Since the MeSH term was used to catalog publications rather than displaying the detailed content of the publication, plenty of information was ignored in MeSH analyses (37). Therefore, LDA and Louvain algorithm were applied to further investigate the relevant research topics from the abstract of the publications as well as illustrate their relationship. Studies on cellular senescence mainly focused on three fields: physiological function, pathological function and molecular mechanism.

Cellular senescence is usually recognized as a process of damage that leads to multisystem disease or aging. Recently, the physiological function of cellular senescence attracted more attention (2). Telomere length accounted for the predominant proportion in this cluster and was also closely associated with the cluster of pathological function, which was consistent with the result of MeSH analyses. The role of telomere in cellular senescence had been reviewed in a previous article (38). In addition, recent studies highlighted the significant role of cellular senescence in embryo development. Markers and features of senescence had been observed in developing embryo. As the embryo develops, senescent signal changes in a highly organized manner, indicating that senescence in embryo development is a tightly controlled programmed process (39, 40). The specific mechanism of senescence in embryo development remains to be further studied.

Cancer cell, SASP, and age-related disease were the main topics in the cluster of physiological function. The old population is more likely to suffer from chronic diseases, such as diabetes, hypertension, Alzheimer’s disease, etc. The chronic and continuous progress of senescence in cells contributes to the pathogenesis of these diseases mentioned above (41). It is suggested that anti-senescence therapies may be conducive to preventing age-related diseases, which have been discovered and soon become hot research topics (42). However, the safety and efficacy of anti-senescence therapies have not been clearly understood, which demands further clinical studies to validate. It is well-known that cancer is still one of the biggest killers of human, and senescence plays an important role in cancer development and escape (43). Inducing senescence in cancer cells limits the proliferation of cancer cells and may be an optional choice to suppress cancer development. But this therapy may also lead to the relapse of cancer cells from other therapies. The combined use of pro-senescence and senolytic therapies may solve this problem.

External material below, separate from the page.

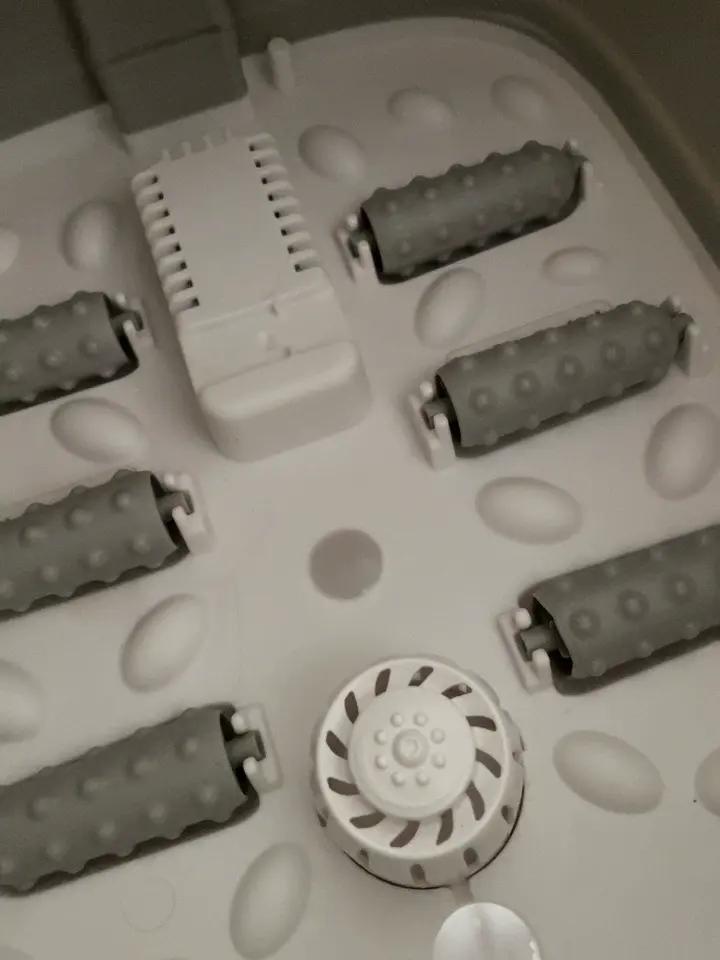 - 【滚轮按摩】配有6组海参滚轮,泡脚的同时享受足底按摩,迅速消除疲劳,促进血液循环。

Protein kinase pathway was the predominant topic in the molecular mechanism cluster. p38-mitogen-activated protein kinase (MAPK) pathway has been widely investigated in cellular senescence (44). The activation of p38-MAPK activates SASP signal pathway, and compounds targeting p38-MAPK present senolytic function in cancer (23). In addition, microRNAs are reported to promote aging in mouse liver (45). They are associated with other pathways including oxidative stress, p53, telomere shortening, etc. (46). Therefore, microRNAs may be an important linkage between cellular senescence and aging, which need to be further studied.

In conclusion, publications related to cellular senescence increase rapidly during the past 30 years. More research should be focused on the physiological function of cellular senescence and clinical translation, especially the development and application of senotherapeutics.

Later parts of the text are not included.